Statins’ star power has been phenomenal. The 2010 annual report of the US Centers for Disease Control and Prevention’s National Center for Health Statistics showed that statin use in adults 45 years and older jumped from 2% to 25% between 1988 and 2008. Although millions of Americans take the drug to stave off clogged arteries and heart disease, it can produce adverse effects. The US Food and Drug Administration (FDA) announced in February that it is changing the safety information packaged with statins to reflect new patient data.
Cholesterol is a fatty substance produced by the liver. It is needed for proper functioning of cell membranes and serves as a precursor molecule for bile acids, vitamin D and several hormones. It’s consumed in foods containing animal fats, such as eggs, beef, poultry and pork. It is also found in fried foods, some dairy products and in trans fats found in baked goods. While the body needs cholesterol to function, too much of it can be detrimental. Cholesterol when packaged with fat is sticky, so the excess gloms onto artery walls, where it can form hard substances called plaques. Atherosclerosis literally means “hardening of the arteries” and is characterized by narrowed blood vessels that have lost their elasticity. Stiff, blocked arteries reduce blood flow, which can lead to heart attacks and strokes.
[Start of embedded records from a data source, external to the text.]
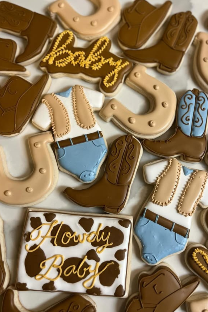 Shapes like boots, horseshoes, hats, and tiny baby outfits instantly bring the theme to life on the dessert table.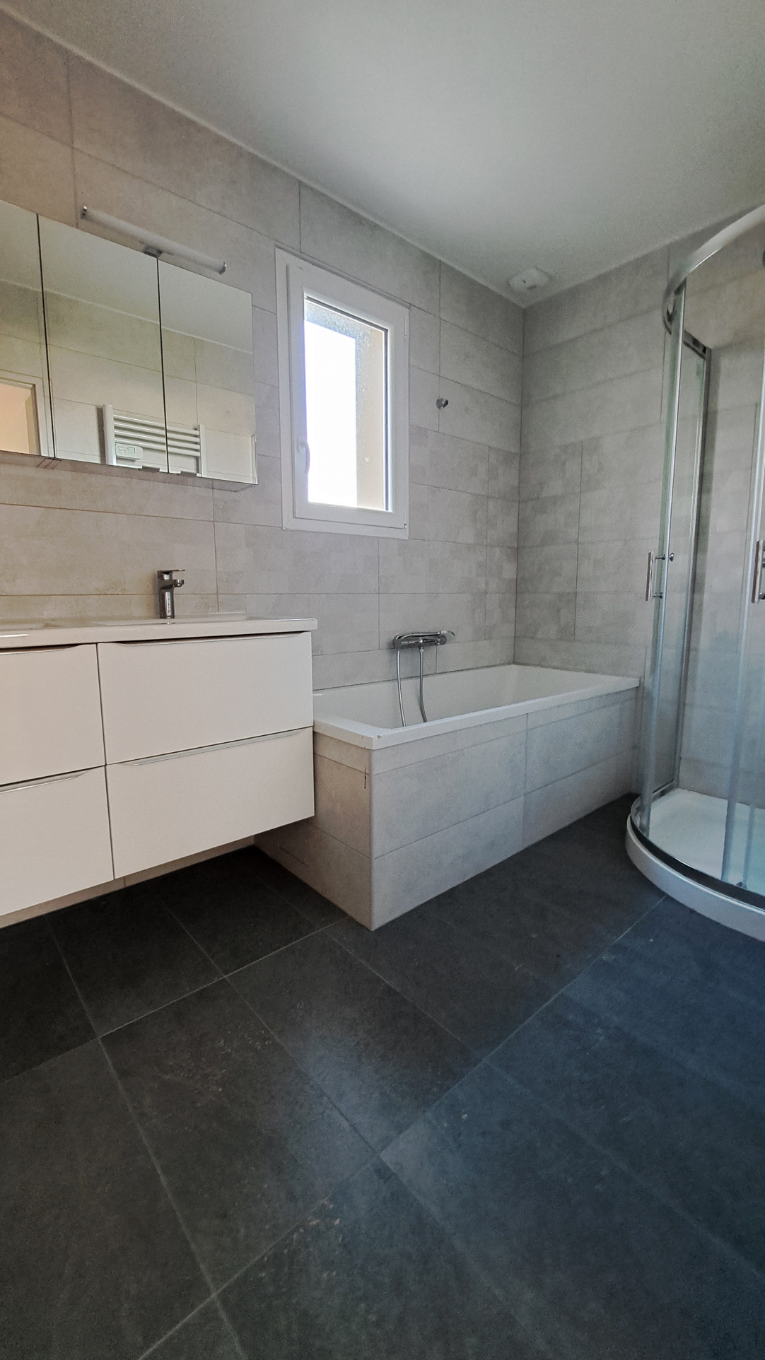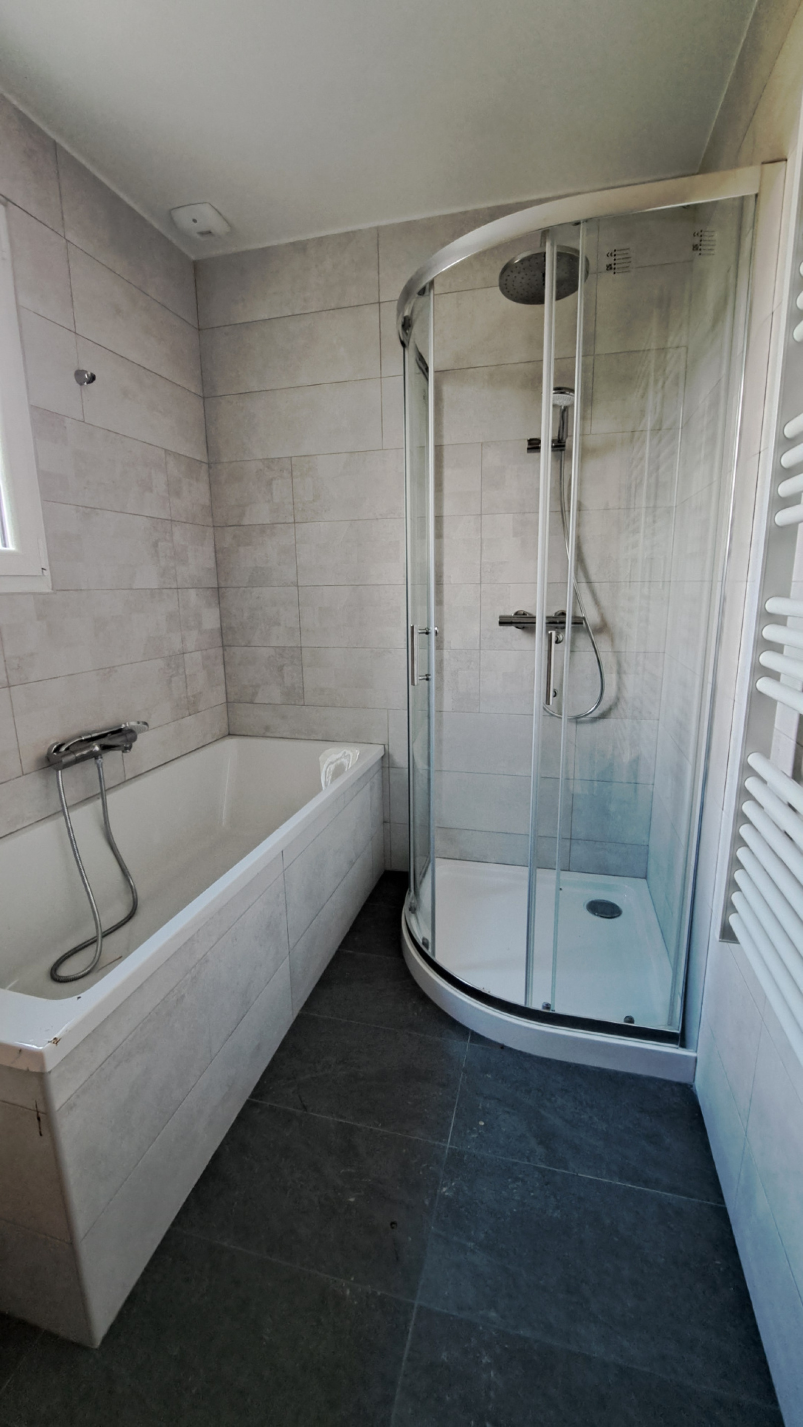 L'étage comprend un palier trois chambres, une salle de bains avec douche et baignoire et un WC Indépendant.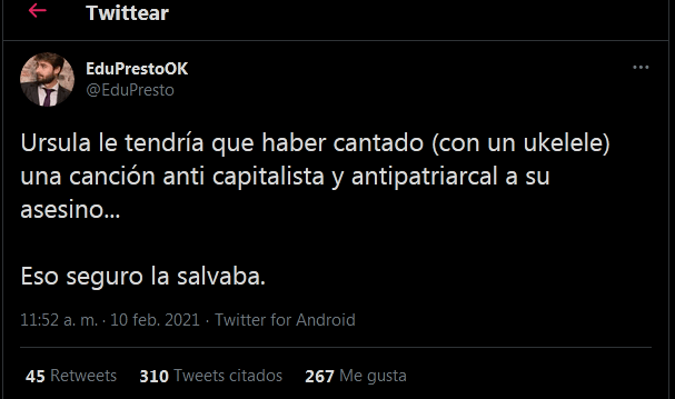 Mirá si voy a borrar algo porque a un grupo de infradotadEs como vos les hace picar la cola. Saludos https://t.co/Pv4cEIwsF5— EduPrestoOK (@EduPresto) February 10, 2021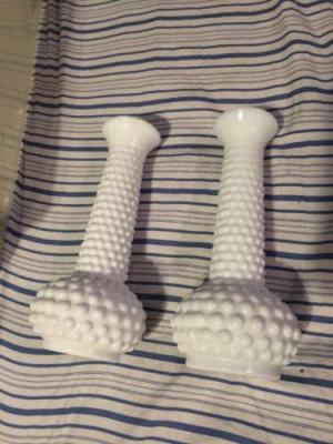 2 White Hobnail Milk Glass Brody Co. Bud Vases     Completed    $10.5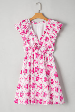 Multicolour Boho Bow Floral Print Knot V Neck Mini Dress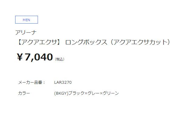 アリーナ arena アクアエクサ ロングボックス(アクアエクサカット) メンズ ブラック 黒 水泳 スイム フィットネス 水着 LAR3270-BKGY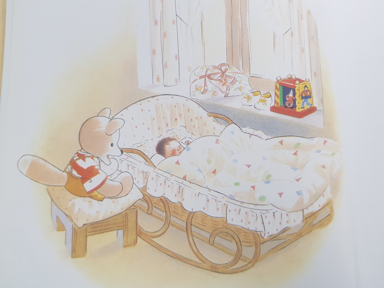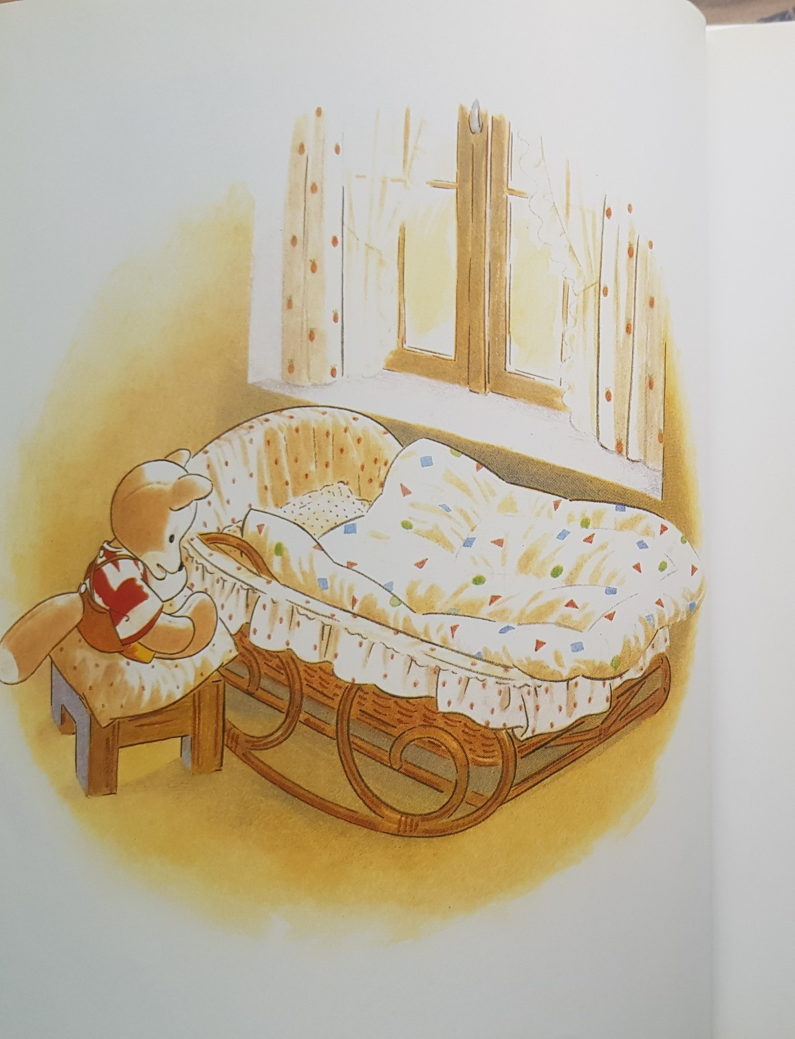 아직 태어나지 않은 아기 은지를 기다리는 푹신이의 지루한 모습이 보이죠. 고개를 숙인 채 입을 다물고 있고 귀와 꼬리는 쳐져 있습니다. 빈 침대만 바라보며 지친 거죠.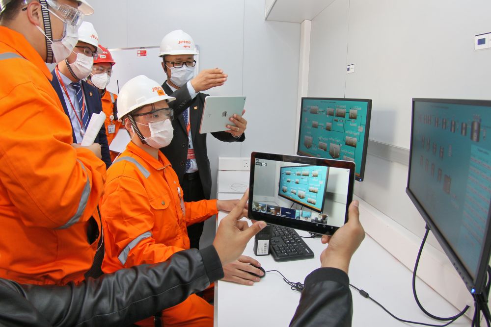 ↑技術(shù)人員使用平板電腦向沙特客戶直播設(shè)備細(xì)節(jié)和功能測(cè)試過(guò)程。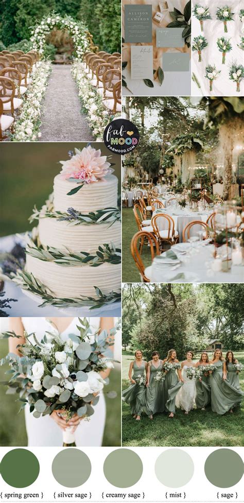 Sage Wedding Theme. Sage wedding colors are easily spruced up with any color from navy blue, blush to gold glitter, besides metallic decor is one of top trends right now. Look through our gallery and get inspired by the best wedding cakes, bouquets, photography and decor with trendy color touch!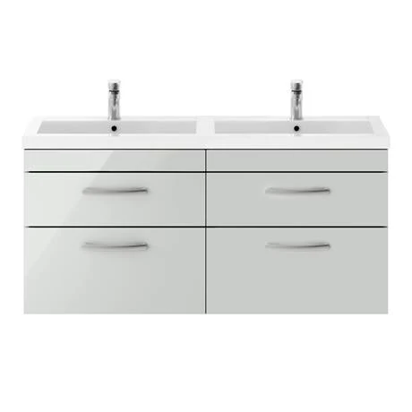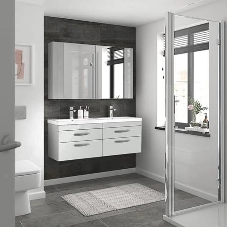 The 1205mm wide Brooklyn double basin wall hung vanity unit, bring a clean modern look to your bathroom. Combines up to date looks with practical storage, perfect for couples or families.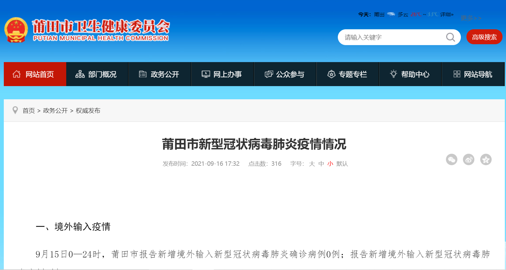 莆田卫健委网站截图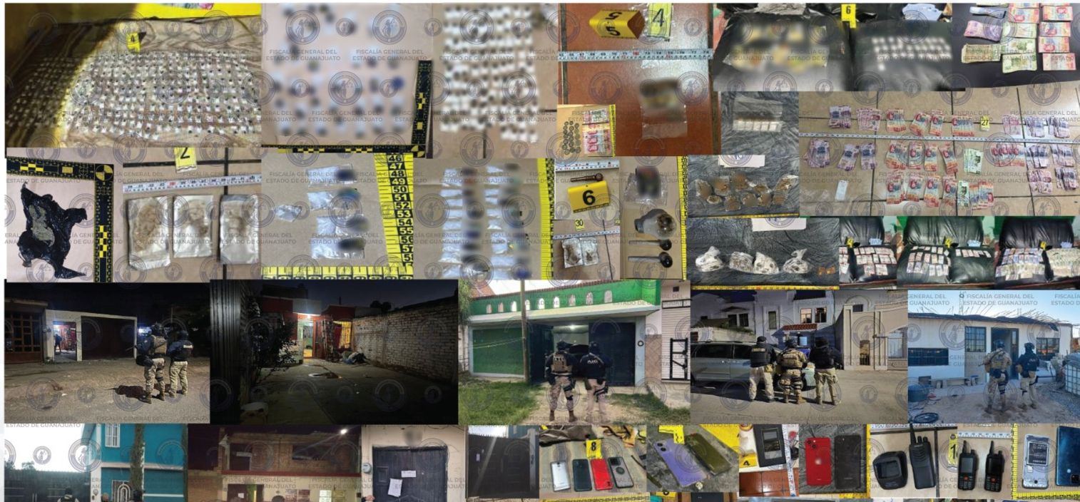 Durante los cateos se aseguraron 16 vehículos, ocho armas de fuego, más de 18 mil dosis de distintas drogas listas para su venta, cartuchos, básculas, dinero en efectivo y equipos de comunicación.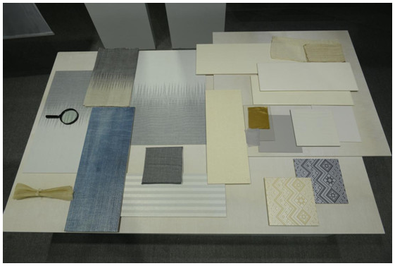 在对于“传统材料色彩与肌理的研究”整个过程中,诺贝尔的研发及技术水平超乎了他的想象,在一个月的时间里完成了“布-染-织-绣-线”5个系列产品的打样,在“脑力激荡室”里观者可以看到5 大块‘面料-瓷砖’灵感氛围板,所有元素源于华夏文明,却十分国际化和现代感。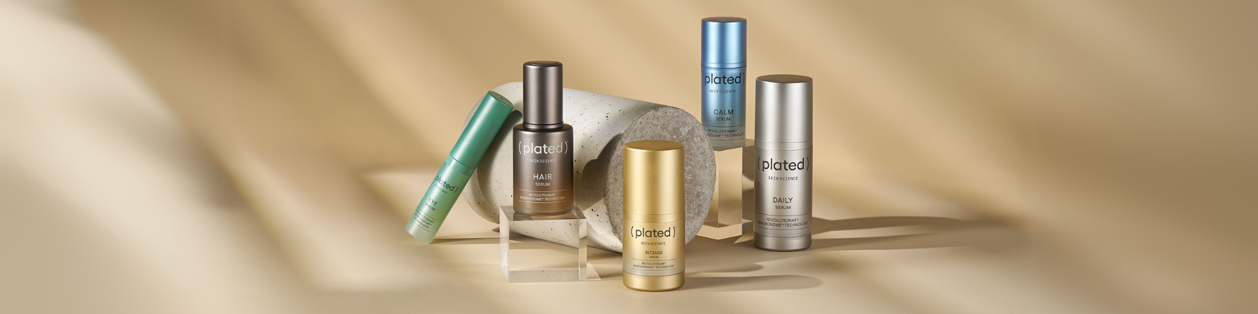 ( plated )™ Skin Science was founded by world-renowned physician-scientists who devoted over 20 years of research in state-of-the-art laboratories to uncover the renewing power of platelets. Their scientific discovery led to the development of the proprietary Renewosome™ technology that makes the ( plated )™ line completely shelf stable. Each full-size bottle of ( plated )™ is packed with 1+ trillion exosomes and is clinically proven to reduce the signs of aging and enhance the skin's overall appearance and texture.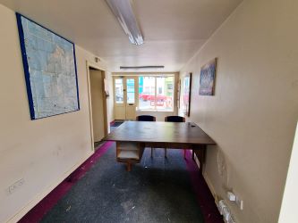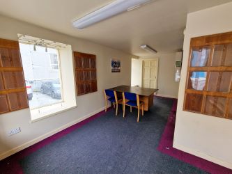 Ground Floor 7.7m x 2.3m (25'3" x 7'7"). Accessed from the main street and also rear door access. Full length glass windows frontage and front door also window frontage to the side offering excellent light. Carpeted flooring, stairway to basement also door to the rear which has a further door opening out on to the back area.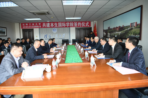 10月18日上午,学校在校部429会议室举行与北京本生文化交流有限公司共建本生国际学院签约仪式。本生国际经贸促进会名誉会长耿志远、北京本生文化交流有限公司董事长施劲华等一行7人及我校全体校领导出席会议,相关职能部门负责人参加会议。会议由校长郭连军主持。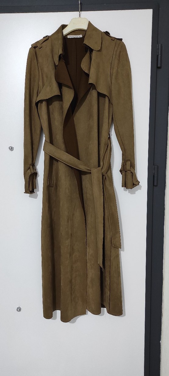kahverengi süet malzemeden yapılmış, uzun, kuşaklı, yakalı ve düz dokulu kadın trençkot. Günlük kullanıma uygun, rahat kesim ve çağdaş tarz sunar. Bir kere tek giyilmistir sıfır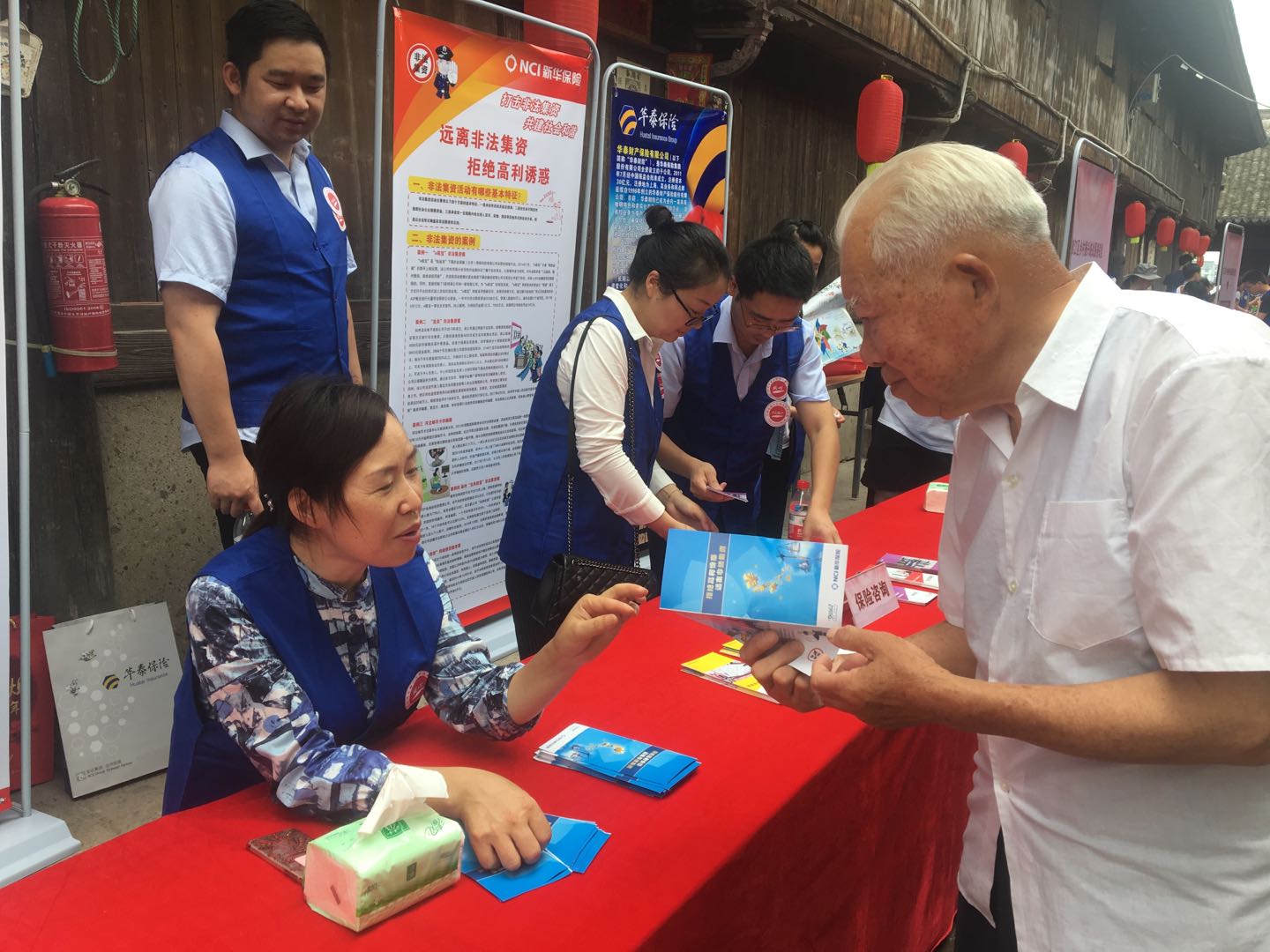 5月26日,新华保险台州中支组织内外勤人员参加椒江区统战部主办的"不忘乡贤情 共圆乡村梦——大型社会服务活动进乡村"活动,为椒江横河陈村村民提供保险咨询答疑服务,同时开展防范非法集资宣传。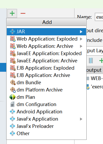 这个idea创建webapplication的时候就自动会选择war exploded这个方式,如果想要选择其他方式,在这个位置选择项目配置然后点击左侧的项目部署产物,可以看到是默认的这个,然后点击上方的加号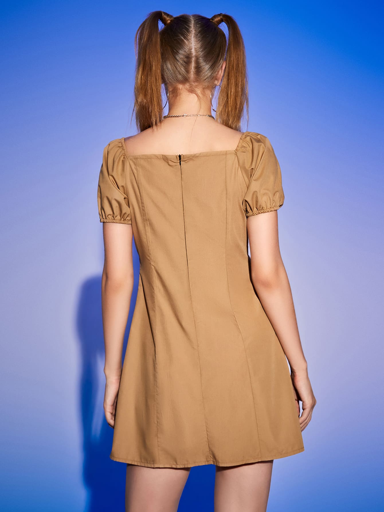 Vestido Sólido Con Mangas Abullonadas Y Decoración De Cordones

Hypercholesterolemia, high cholesterol levels in the blood, can be due to a genetic predisposition, a high-fat diet or the presence of another disease, such as diabetes. If diet and exercise do not adequately lower the level of low-density lipoprotein, the so-called “bad” cholesterol in the body, and your doctor considers you at high risk, then a statin may be prescribed. Statins block the enzyme HMG-CoA from being converted into a form the liver can use to synthesize cholesterol.
Revised Safety Warnings
According to the FDA, the package inserts for statins will now include several new or modified safety warnings. One will alert patients to the possibility of cognitive impairment. Some patients on statins have reported memory loss, forgetfulness and confusion. Another warning will mention the risk of type 2 diabetes due to an increase in blood sugar levels. A third alert will notify patients of the risk of drug-induced myopathy, muscle weakness and pain, especially from drug interactions with lovastatin. The final revision will notify patients that their liver enzymes will no longer need to be routinely monitored because the incidence of liver injury directly related to statin use is so rare. However, the FDA recommends that liver enzymes be measured before statin treatment begins and as needed if patients develop symptoms of liver damage, such as jaundice, fatigue and abdominal pain.
Cholesterol and Hemophilia
Although having hemophilia might seem to confer a protective effect against cardiovascular disease, that’s not the case. A 2010 study in the Journal of Thrombosis and Haemostasis found that people with hemophilia had equivalent degrees of atherosclerosis as their unaffected peers. Autopsies revealed no difference in the amount of hypertension, hypercholesterolemia, smoking and diabetes between the two groups. Further, the degree of stenosis, or abnormal artery narrowing, was comparable.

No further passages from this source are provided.